Морщусь, но Аскольд прав, надо идти к чудовищу, а оно даже мёртвое вызывает непреодолимый ужас. Тащусь за другом, невыносимо воняет ядом и сырыми кишками.
– Подальше от морды отходи, вдруг начнутся конвульсии, зацепит, обидно будет, - советует друг, он с трудом выдёргивает стрелы. По большей части они ломаются, но и обломанные складывает в колчан.
Смотрю
– Вот и отомстили за ребят, - задумчиво говорю я.
Аскольд надёргал стрел, даёт жменю: - Шаляпин, если вновь не сбился с дороги, уже на подступах к санаторию.
– Был бы мобильник, Храповым позвонили.
– А если вертолёт - долетели. Но у нас кой чего осталось с прошлой жизни.
– Что именно?
– не понял я.
– Ноги. Ещё пробежимся, а то наш прыткий парень постарается снова вляпаться в неприятность.
Вновь гонка с препятствиями. На этот раз миновали зону густых зарослей, короткая травка, словно подстриженная, бежать легко, я уже вижу знакомые скальные выступы, между ними тропа, ведущая к первоначальному лагерю.
Пахнет морем, поднимается ветерок, первый предвестник наступающего утра. Благодаря стараниям Мишеньки, ночь быстро пролетела, так хочется при встрече, надавать ему по ушам.
– Главное, насекомое замочили, - словно слышит мои мысли Аскольд. Он переходит на шаг, я облегчённо вздыхаю.

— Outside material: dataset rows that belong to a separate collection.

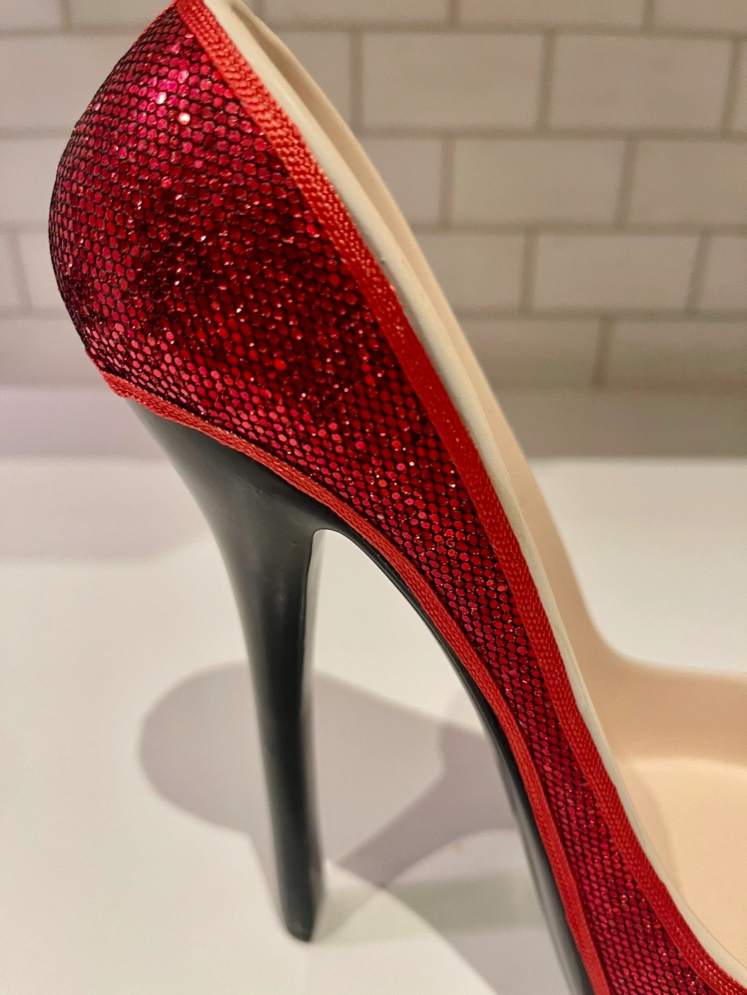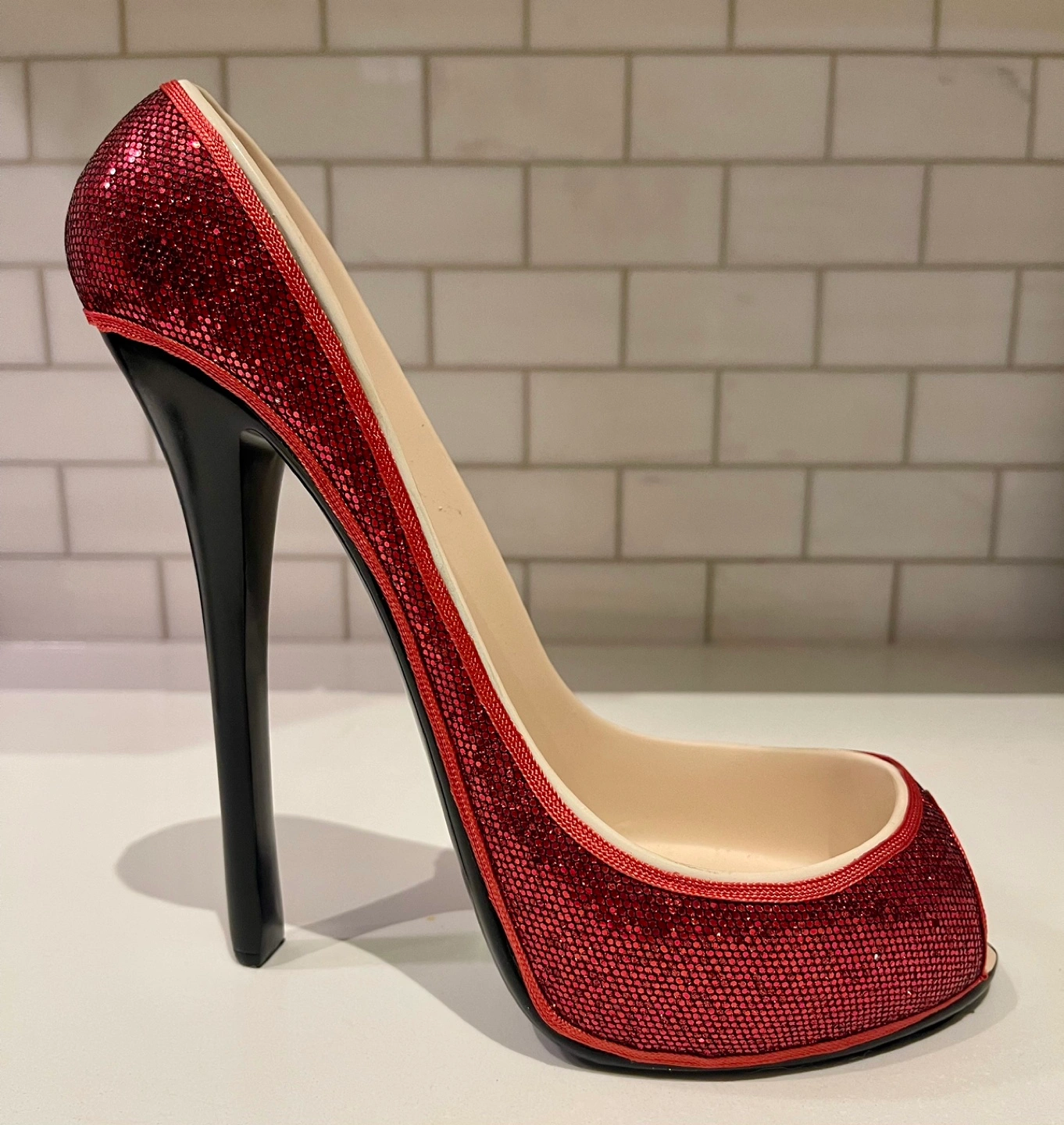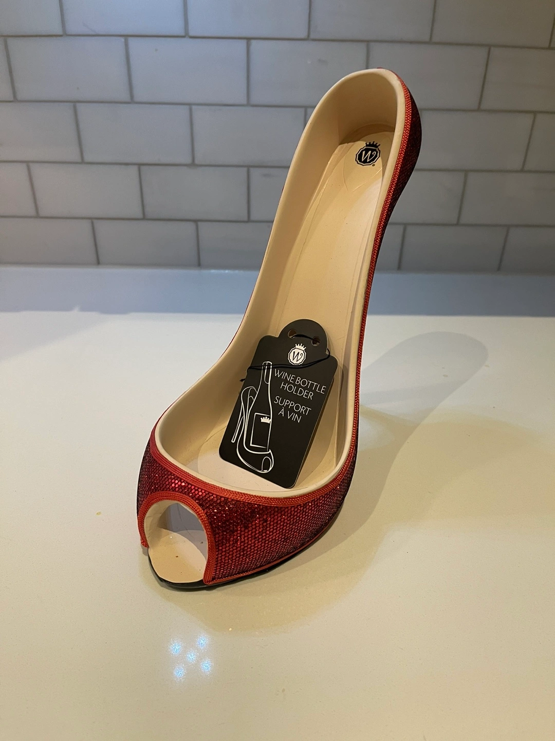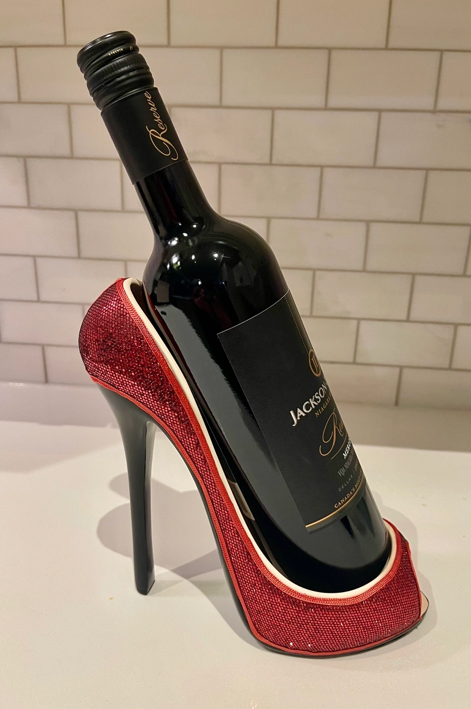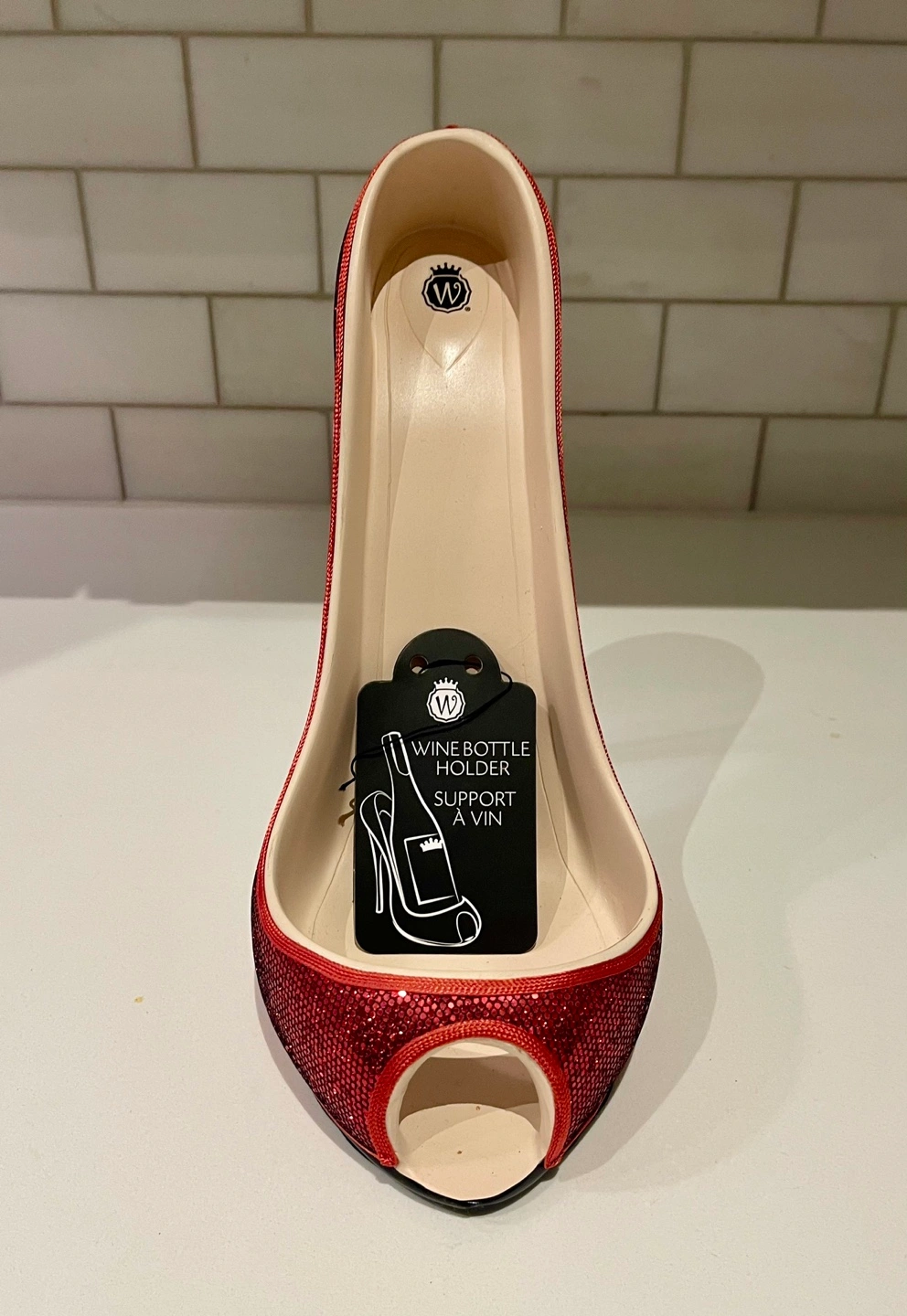 Red glitter high heel wine bottle holder. New, never used. 8 inches tall. Ceramic. Pick up intersection Trafalgar & Dundas in Oakville.
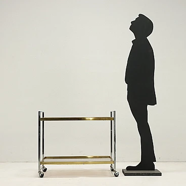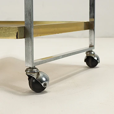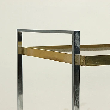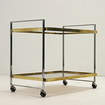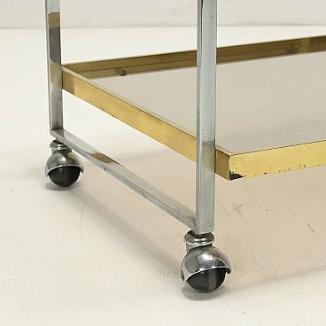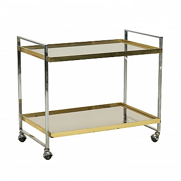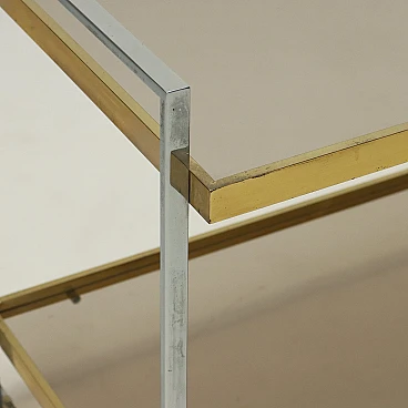 Carrello in metallo, ottone e vetro fumé, anni '60
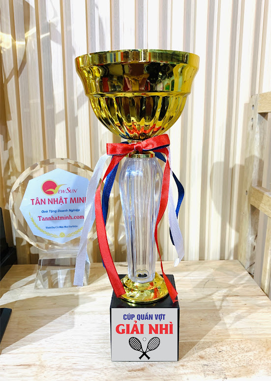 Đặc biệt, Tân Nhật Minh cũng cung cấp dịch vụ làm cúp theo yêu cầu. Bạn có thể tùy chỉnh thiết kế, chất liệu và in ấn trên cúp để tạo ra một sản phẩm duy nhất và cá nhân hóa. Điều này rất phù hợp cho các giải đấu quần vợt, sự kiện công ty hoặc các buổi lễ trao giải.
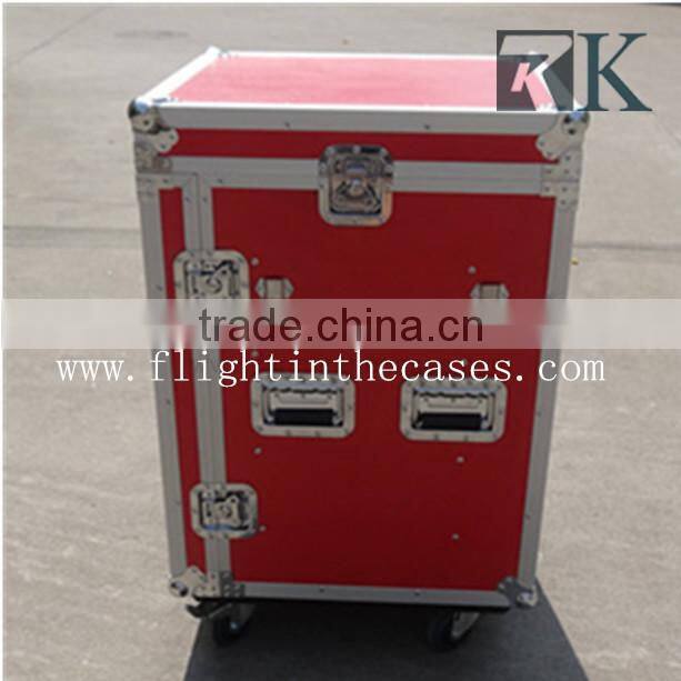 Our RK multi-functional makeup case with drawers is constructed of 9mm plywood.It features: ball corners, aluminum on all edges, heavy duty recessed spring-loaded handles and 4" easy glide casters. This utility case features drawers for storage and a table attachment on the front cover.
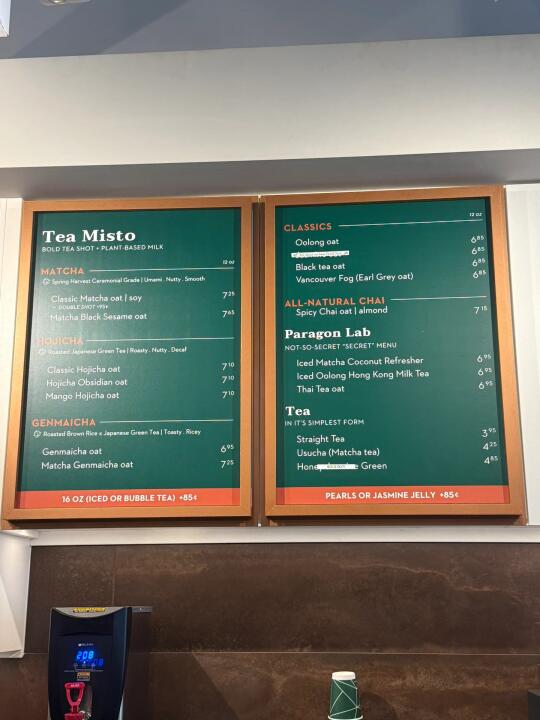 被其他小红薯宝宝种草的,最近我很上瘾和抹茶拿铁系列,星爸爸的抹茶拿铁就是最基本的口味,来了paragon完全是两种口感,按照Menu左边那一系列,除了芒果味的,其他我都喝过了,都好喝,不喜欢甜的朋友们可以告诉店员unsweet,图二三四,我把名字都标出来了,每一款都好喝,喝到嘴里有股回甘的香味,我带朋友来过,她也表示非常喜欢,每一杯都是店员用抹茶粉,玄米茶粉现做的,他们家的玄米茶拿铁也很好喝,推荐抹茶马芬也不错,也有卖抹茶鸡蛋仔的,但我还没试过,不过闻到香味应该不会错
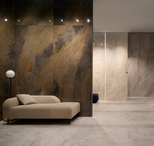 Il gres porcellanato effetto pietra mantiene le principali qualità del gres tradizionale, come la resistenza agli urti, alle macchie e agli sbalzi di temperatura. Questo lo rende la scelta perfetta per chi cerca un look naturale in varie aree della casa, come camere da letto, living room, bagni total look con lastre di grande formato, o anche per spazi esterni grazie alle piastrelle spessorate da 20 mm.
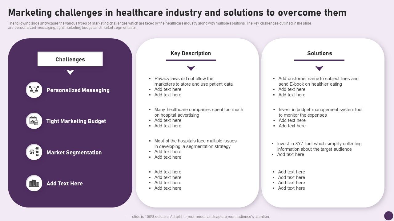 The following slide showcases the various types of marketing challenges which are faced by the healthcare industry along with multiple solutions. The key challenges outlined in the slide are personalized messaging, tight marketing budget and market segmentation. Find a pre designed and impeccable Guide To Healthcare Services Administration Marketing Challenges In Healthcare Industry And Solutions Microsoft PDF. The templates can ace your presentation without additional effort. You can download these easy to edit presentation templates to make your presentation stand out from others. So, what are you waiting for Download the template from Slidegeeks today and give a unique touch to your presentation.
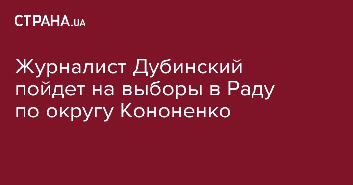 Шеф-редактор управления журналистских проектов телеканала "1 + 1" Александр Дубинский заявил о своем намерении пойти на выборы в парламент по мажоритарному округу, в котором также будет баллотироваться лидер фракции БПП в парламенте Игорь Кононенко. Об этом он в понедельник, 27 мая, сообщил на своей странице в Facebook.
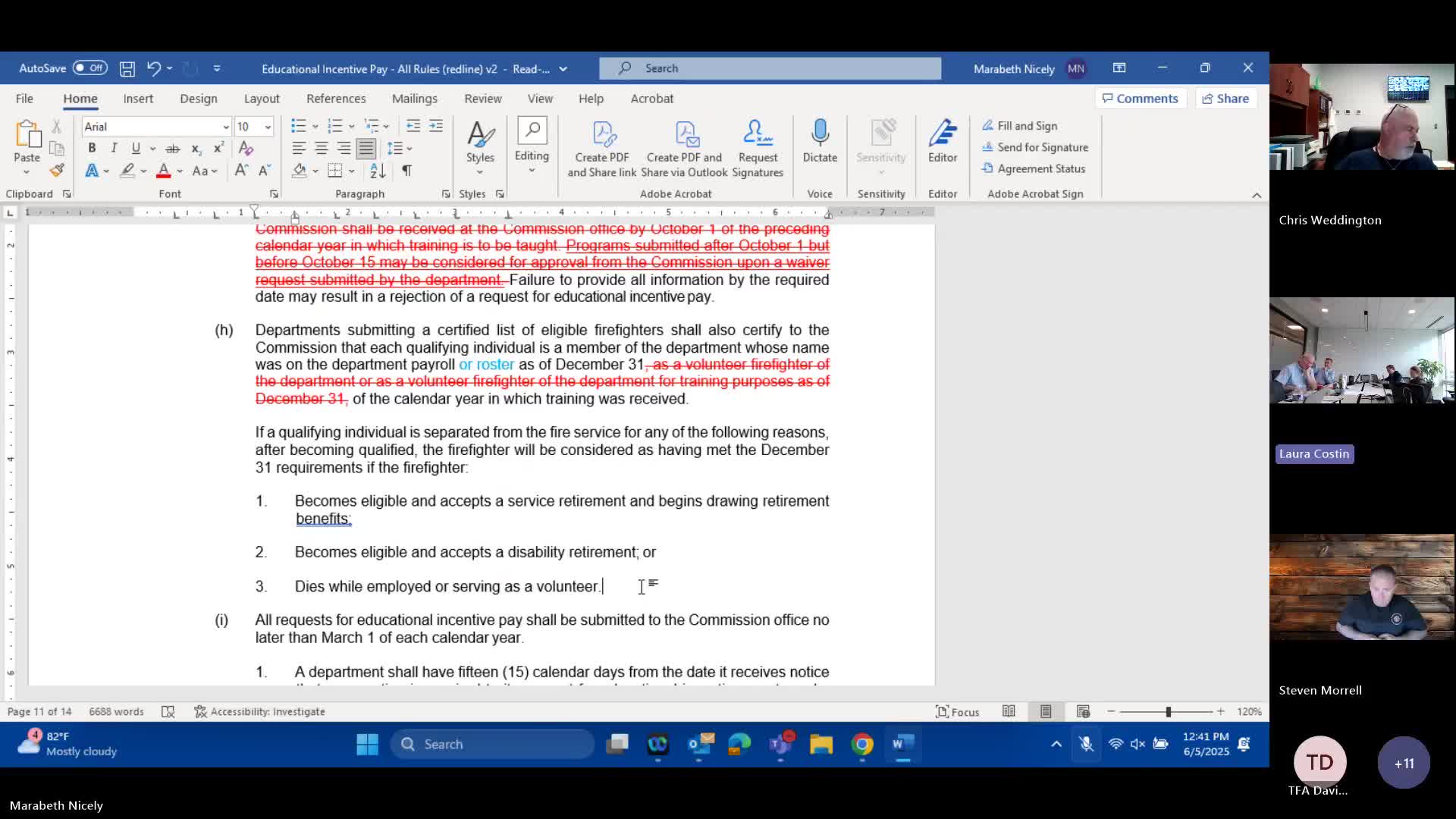 Subcommittee debates who counts as "eligible" for firefighter education incentive pay, including payouts after death
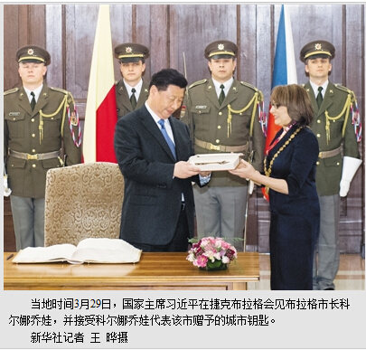 本报布拉格3月29日电 (记者杜尚泽、任彦)当地时间29日下午,国家主席习近平在布拉格会见布拉格市长科尔娜乔娃,并接受科尔娜乔娃代表该市赠予的城市钥匙。

Вместо того, чтоб сразу спускаться по тропе, князь осматривается, опускается на корточки, чуть ли не ползает.
– Что ещё?
– чувствуя, что сегодняшние приключения не заканчиваются, понуро спрашиваю я.
– Вроде как лисица, мышь бросила.
– Миша напугал её?
– Да, нет, наоборот, он её испугался, ломанулся мимо тропы, по склонам дальше, совсем нервы напряжены, так и разрыв сердца получить недолго.
– Вот, горе наше, - выругался я.
– Опять бежать?
– Нет, снова!
– голос Аскольда наполнен бодростью и задором. Но я догадываюсь, мой друг банально передо мной рисуется, его взгляд потускнел от усталости, бородка обвисла, словно сосульки весной.
– Ничего, сейчас нагоним, он не очень далеко, - Аскольд глубоко заглатывает воздух, резко выдыхает.
Действительно, стоило нам миновать отдельно торчащие скалы, мы его видим, но он не один. Наш герой ползает по земле, а его с хохотом пинают по рёбрам незнакомые люди.
– Кто это, бойцы Вилена Ждановича?
– Догадлив, - кривится Аскольд, - где-то там у них лагерь.
– Что они здесь делают? Ночью?
– Не видно, что ли, промышляют. Самим работать "западло", вот и ищут для себя рабов.
– Выручать надо парня, - меня захлёстывает негодование.
– Их четыре человека?
– Нет, вон ещё двое подходят, - замечаю я.
– Это уже плохо. Надо обходить справа.
Мишу поднимают на ноги, но тот падает, он совсем выбился из сил. Бьют по животу, он вскрикивает, пытается подняться, из глаз текут слёзы, вновь бьют, он бежит как клоун, широко расставляя ноги.
– Совсем обессилил, - замечает Аскольд, - однако, "мочить" их надо, у парня точно сердце не выдержит.
Мы обходим бандитов, прячемся между камней. Они идут не таясь, посмеиваются, делают замечания по поводу толстого зада своего пленника, их рожи гнусные, такие в комиксах рисуют, не зря ублюдков, природа наделяет отличительными чертами, нет в них не благородства, чистоты взгляда, одним словом, выродки.